**Exercise:** From the records below, transcribe exactly the lines that begin at the line with "Edicte publicat al" and end at the line with "This limited edition", both included.

**Exercise inputs:**
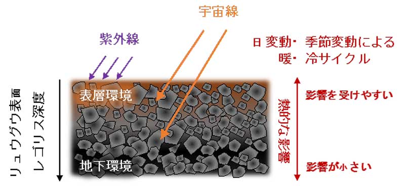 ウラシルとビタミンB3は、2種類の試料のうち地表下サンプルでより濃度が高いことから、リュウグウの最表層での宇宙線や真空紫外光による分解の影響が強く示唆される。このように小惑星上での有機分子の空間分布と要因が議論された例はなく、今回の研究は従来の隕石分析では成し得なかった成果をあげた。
--
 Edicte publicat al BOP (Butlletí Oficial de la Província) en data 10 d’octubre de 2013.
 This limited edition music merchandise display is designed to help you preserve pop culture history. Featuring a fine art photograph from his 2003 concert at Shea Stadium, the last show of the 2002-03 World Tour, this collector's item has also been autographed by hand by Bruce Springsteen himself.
==
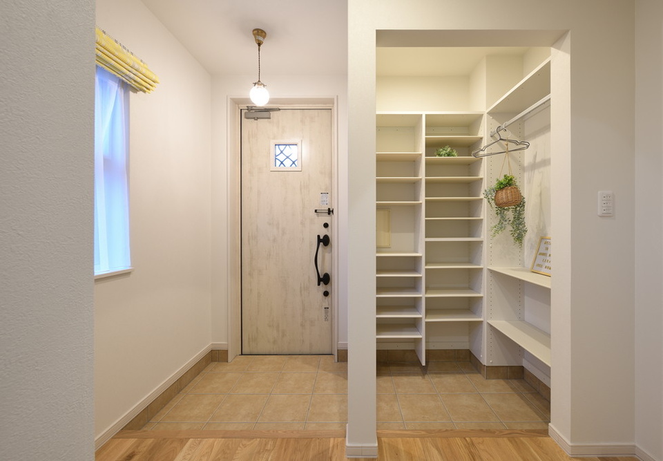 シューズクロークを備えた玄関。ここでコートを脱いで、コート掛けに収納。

**Response to the exercise:**
 Edicte publicat al BOP (Butlletí Oficial de la Província) en data 10 d’octubre de 2013.
 This limited edition music merchandise display is designed to help you preserve pop culture history. Featuring a fine art photograph from his 2003 concert at Shea Stadium, the last show of the 2002-03 World Tour, this collector's item has also been autographed by hand by Bruce Springsteen himself.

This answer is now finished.